You are on page 1of 19

Pengertian Dan Penanganan Asfiksia Pada Bayi Baru Lahir

A. Definisi

Asfiksia adalah keadaan dimana bayi baru lahir tidak dapat bernapas secara spontan dan teratur.
Bayi dengan riwayat gawat janin sebelum lahir, umumnya akan mengalami asfiksia pada saat
dilahirkan. Masalah ini erat hubungannya dengan gangguan kesehatan ibu hamil, kelainan tali
pusat, atau masalah yang mempengaruhi kesejahteraan bayi selama atau sesudah persalinan
(Asuhan Persalinan Normal, 2007).

Asfiksia neonatorum ialah keadaan dimana bayi tidak dapat segera bernafas scr spontan dan
teratur setelah lahir. Hal ini disebabkan oleh hipoksia janin dalam uterus dan hipoksia ini
berhubungan dengan faktor-faktor yang timbul dalam kehamilan, persalinan, atau segera setelah
bayi lahir. Akibat-akibat asfiksia akan bertambah buruk apabila penanganan bayi tidak dilakukan
secara sempurna.
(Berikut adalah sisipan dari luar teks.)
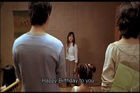 Then we go back to the early part of the movie where she gets home from the college and no one appears to be in the house but it turns out to be a birthday party for her.
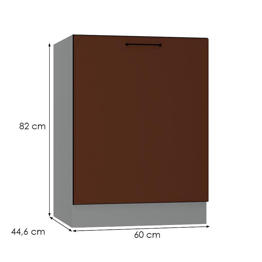 Korpus szafki KATRIN wykonana z płyty wiórowej utrzymany jest w delikatnym odcieniu popielu, co tworzy harmonijny kontrast z intensywnymi ceglastymi frontami. Cokół w kolorze korpusu nadaje elegancji i spójności całej konstrukcji.
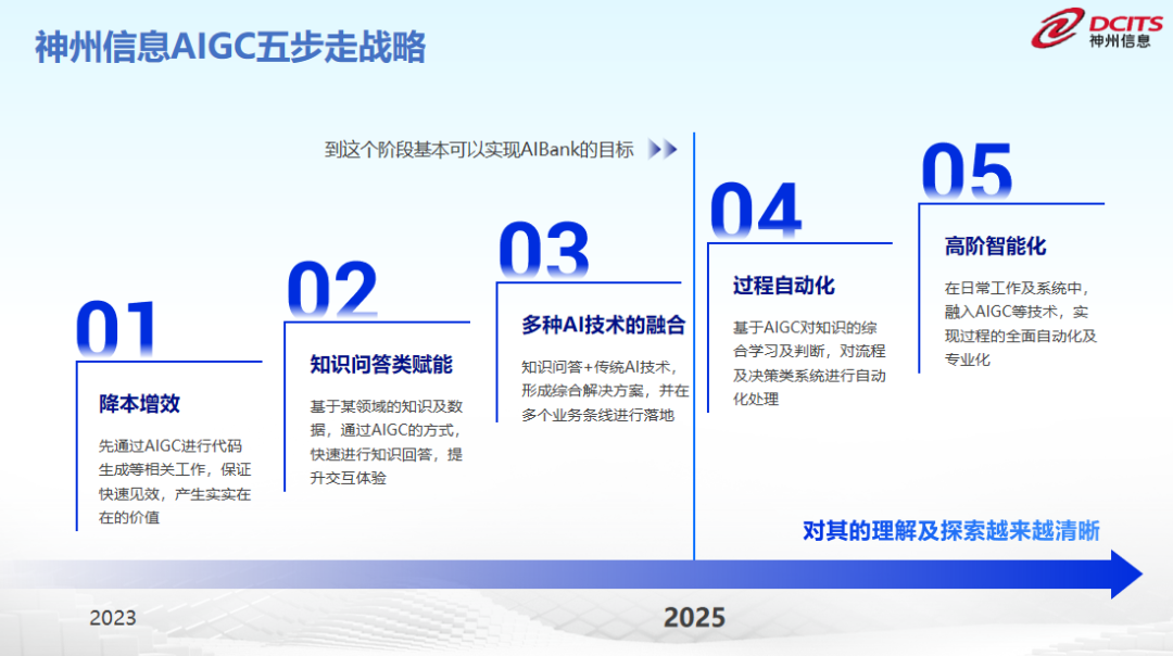 EVO视讯官网信息制定了 AIGC 五步走战略,并为此制定了开展路径图:以降本增效为起点,到多种AI技术的融合基本可以实现AI Bank的目标,最终达到高阶智能化和专业化的开展路径。
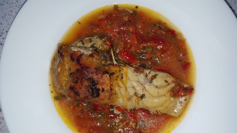 Pestele portionat se unge pe ambele parti cu putin ulei si condimente si se da la rece cateva ore. Ungem o foaie de aluminiu cu ulei de masline, asezam cate 3 buc de peste si-i ungem si pe deasupra. Strangem folia pachet si intoarcem marginile pliate in sus sa nu se scurga zeama in tava. Dam la cuptor la 200 de grade timp de 30 de minute, desfacem folia si mai lasam 5-10 minute. Asezam kapia, rosiile, ardeiul iute si usturoiul pe o folie de aluminiu si dam la cuptor la 200 de grade. Din cand in cand le puteti intoarce sa se faca pe toate partile. Cand s-au copt le punem intr-un vas, punem sare pe ardei si le acoperim pana se racesc. Le decojim si taiem ardeii si rosiile marunt. Daca puteti scoateti pulpa de la usturoi sau folositi-l cu tot cu coaja la saramura doar sa-i dea gust. Punem apa la fiert impreuna cu cimbrul, foile de dafin, si 2-3 catei de usturoi crud trecut prin presa. Cand a dat in clocot punem restul ingredientelor si 1/2 patrunjel tocat. Lasam sa scada saramura cam la jumate, punem restul de verdeata, putin ulei de masline si lingura de otet. Gustam si potrivim de sare. Asezam pestele intr-o tava, scurgem si zeama ramasa in folie, punem saramura si dam la cuptor inca vreo 30 de minute sa mai scada. Pestele trebuie sa fie acoperit in totalitate de zeama. Eu am folosit doar cateva felii de ardei iute pentru ca am pus mai mult piper. Pestele ar fi bine sa fie taiat rondele potrivite. Daca va place sosul mai legat o alta varianta ar fi sa blenduiti toata compozitia dupa ce a fost fiarta. Saramura este buna atat rece cat si calda. Daca doriti o reteta mai rapida : faceti un sos din rosii, ardei gras si iute si usturoi coapte si maruntite la blender impreuna cu putin ulei de masline, usturoi crud si patrunjel verde. Pestele scos din folie se pune imediat cat este inca fierbinte in acest sos, se lasa putin sa-si ia gust si se serveste fara sa-l mai dati la cuptor.
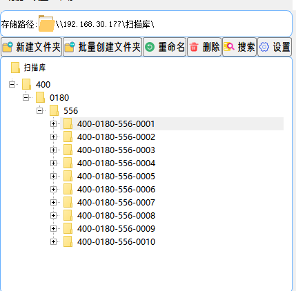 (3),也可以選擇批量創(chuàng)建文件夾,點(diǎn)擊檔案圖像數(shù)據(jù)授權(quán)后的第二個(gè)文件夾圖標(biāo),點(diǎn)擊彈出界面下方的文件夾創(chuàng)建規(guī)則設(shè)置,在彈出界面根據(jù)自己的需求選擇文件夾創(chuàng)建規(guī)則(這里的演示我們選擇多層級(jí)文件夾結(jié)構(gòu),最后一級(jí)完全檔號(hào))。
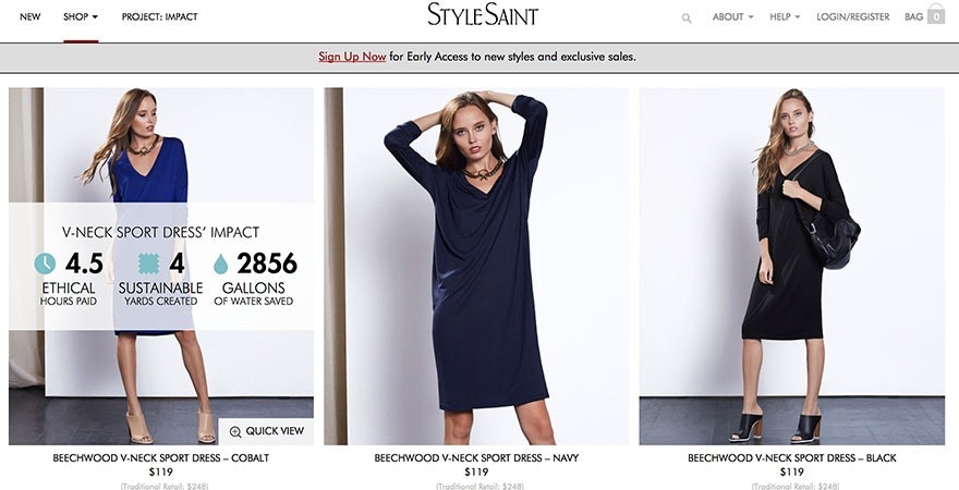 风格的圣在产品列表页面上展示他们的社会责任。当顾客在产品照片上徘徊时,他们会看到这个品牌是如何承担社会责任的。你将看到为该产品付出的道德工时数。它还提到了创造的可持续面料码数。最后,它列出了节约的水的加仑数。产品页面也列出了这些详细信息。甚至在产品描述中也提到了这些材料的可持续性,以及为什么它们比更常见的面料更好。

Tindakan yang akan dikerjakan pada bayi bertujuan mempertahankan
kelangsungan hidupnya dan membatasi gejala-gejala lanjut yang mungkin timbul. (Wiknjosastro,
1999)

B. Etiologi / Penyebab Asfiksia

Beberapa kondisi tertentu pada ibu hamil dapat menyebabkan gangguan sirkulasi darah
uteroplasenter sehingga pasokan oksigen ke bayi menjadi berkurang. Hipoksia bayi di dalam
rahim ditunjukkan dengan gawat janin yang dapat berlanjut menjadi asfiksia bayi baru lahir.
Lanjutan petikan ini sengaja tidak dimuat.